The right ventricle contracts due to a combination of the inward movement of the RV free wall, shortening of the longitudinal fibres, and the effects of LV contraction (Haddad et al. 2008b). Normally, longitudinal shortening accounts for the majority of RV contraction (Brown et al. 2011), responsible for approximately 80% of the RV stroke volume (Carlsson et al. 2007a). Inward radial movement of the RV free wall contributes to 30% of the RV stroke volume, which is partially counteracted by movement of the interventricular septum toward the left ventricle (negative contribution, approximately 10%) (Ostenfeld et al. 2016). In the presence of LV dysfunction, at least two features may contribute to the decrease in RV function. First, because longitudinal shortening is also the major contributor to LV pumping (Carlsson et al. 2007b) that occurs synergistically with tricuspid pull of the right ventricle, decreased LV function may lead to concurrent decrease in RV longitudinal shortening, impairing RV function. Second, if the decrease in LV longitudinal shortening function is in part compensated by exaggerated septal motion, there may be in effect increased ‘steal’ of the RV‐SV, further lowing RV function.
In both IUGR and OLD groups, reduction in RV fractional longitudinal shortening was seen, thought to be the mechanistic basis of impaired function. Remarkably, the IUGR hearts were able to partially mitigate the effects of reduced RV longitudinal shortening by increasing the RV end‐diastolic volume. The increase in ventricular volume in effect partially maintained the RV longitudinal stroke volume by increasing the RV short axis area (Carlsson et al. 2007a), similar to the compensatory changes that preserved ventricular stroke volume previously documented in elderly sedentary humans (Steding‐Ehrenborg et al. 2015). Additionally, with this increase in preload, some improvement of ejection function occurred in the IUGR hearts via the Frank–Starling mechanism. Those changes were not seen in OLD. Functionally, these changes lead to concomitant decrease in RV ejection fraction and relative preservation of ejection rate/cardiac index in the IUGR group compared to OLD. In their evaluation of the right ventricle in a hypoxia‐induced IUGR rat model, Rueda‐Clausen et al. observed increased RV diameter in the IUGR group at 12 months of age (Rueda‐Clausen et al. 2009), which may be a related finding of increased preload and RV short axis area. In that study, the increased RV diameter was only significant in the males and not in females, which is analogous to our finding of more pronounced increase in the male baboons, and represents a potential sexual dimorphism.
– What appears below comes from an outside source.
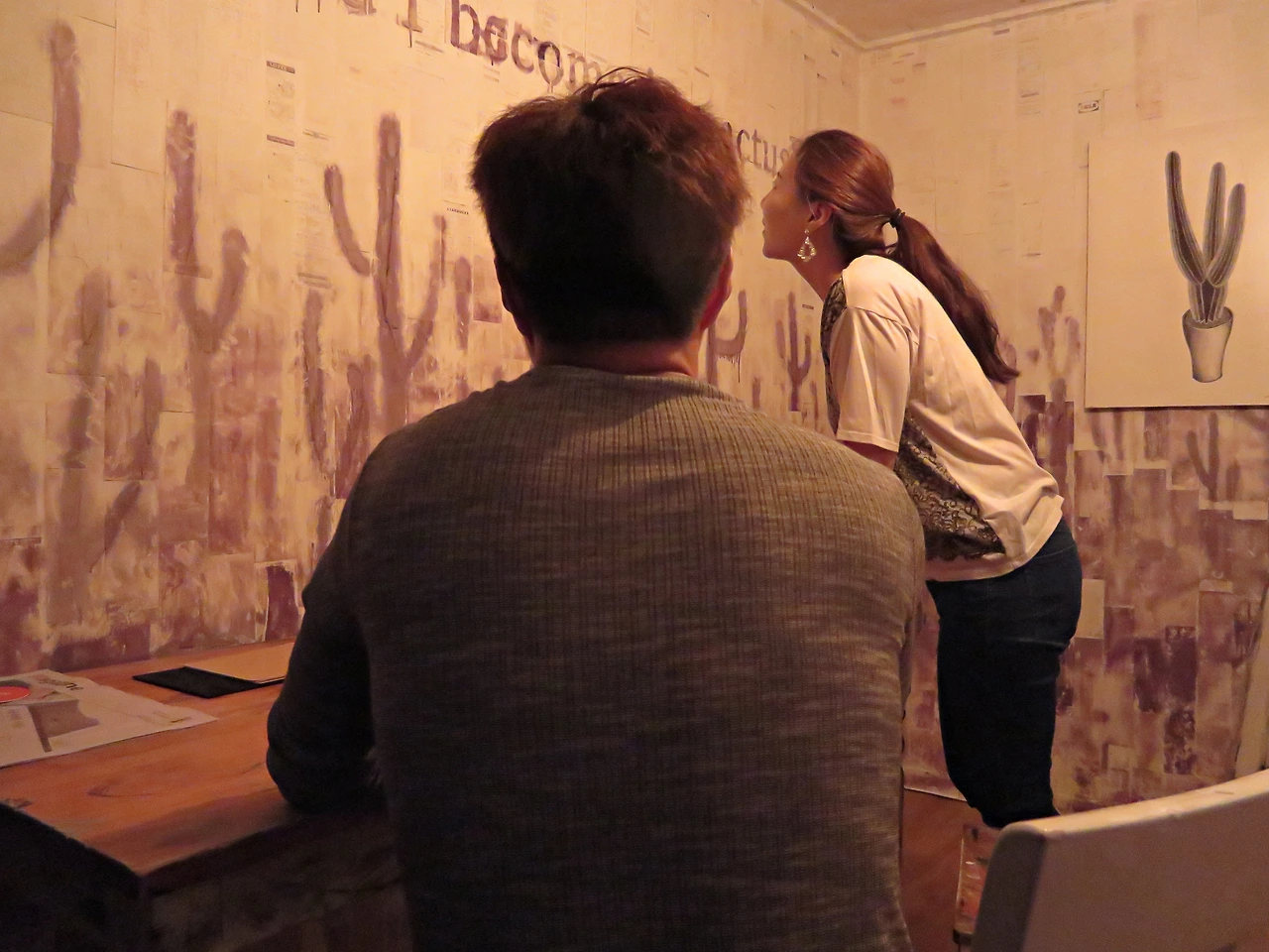 우앤우에 설치된 작품들은 모두 조각가 김민기 작가의 작품들로 김민기 작가의 작품들 중 선인장 형상을 띈 작품들만으로 구성되어 있었다. 선인장처럼 보이는 그림자들로 둘러싸인 방은 김민기 작가가 사용한 영수증을 모아 전면을 도배하고 그 위에 새롭게 이미지를 덮은 독특한 공간이었다. 책상의 한 쪽에는 영수증을 기증받는 빈 페인트 통이 있었는데, 이 숙소에 머무는 사람들이 그 통에 영수증을 넣고 가면 후에 작가의 작품에 사용된다고 한다. 설명을 들으면서, 회사 일과 가정 문제로 이리저리 치이는 친구에게 김민기 작가 작품들이 어떻게 보일지 궁금해졌다.

RV function has not been investigated to the same extent as LV function, and consequently its importance has been underestimated (Sade & Castaneda, 1975; Rigolin et al. 1995). One factor responsible for this relative lack of attention is the difficulty in obtaining its measurements in an accurate and reliable manner (Oldershaw & Bishop, 1995; Grothues et al. 2004). The RV chamber, unlike its left counterpart, is not rigidly supported by thick musculature. Consequently, its morphology is often variable, making geometric modelling difficult (Fritz et al. 2005; Sheehan & Redington, 2008). Similarly, the relative thinness of the RV wall makes proper wall thickness measurements problematic, at least in humans. While the normally high capacity of the right ventricle gives a broad range of physiological RV‐EF (40–76%) in humans depending on the volume status (Haddad et al. 2008a), RV dilatation is often the first sign of underlying RV dysfunction (Mertens & Friedberg, 2010). Interestingly, the combination of increased RV‐EDV and RV‐ESV, preservation of RV‐SV and decreased RV‐EF we observed in the IUGR baboons also is seen in the setting of pulmonary hypertension (Grapsa et al. 2010). Associations between low birth weight and pulmonary hypertension in the neonatal period and pulmonary abnormalities later in life are well documented (Berkelhamer et al. 2013; Stocks & Sonnappa, 2013). In extremely low birth weight neonates, pulmonary hypertension and RV dysfunction occur together (Danhaive et al. 2005). In the prenatal period, redistribution of cardiac output to the left ventricle in human IUGR fetuses has been reported, thought to be a consequence of increased RV afterload (Watanabe et al. 2009). The shift in haemodynamics we observed in the right ventricle suggests that significant RV pressure–volume changes may occur in the setting of IUGR without overt signs and symptoms of right heart dysfunction. These findings raise the concern that there may be a large unidentified population suffering from adverse RV cardiovascular outcomes resulting from IUGR.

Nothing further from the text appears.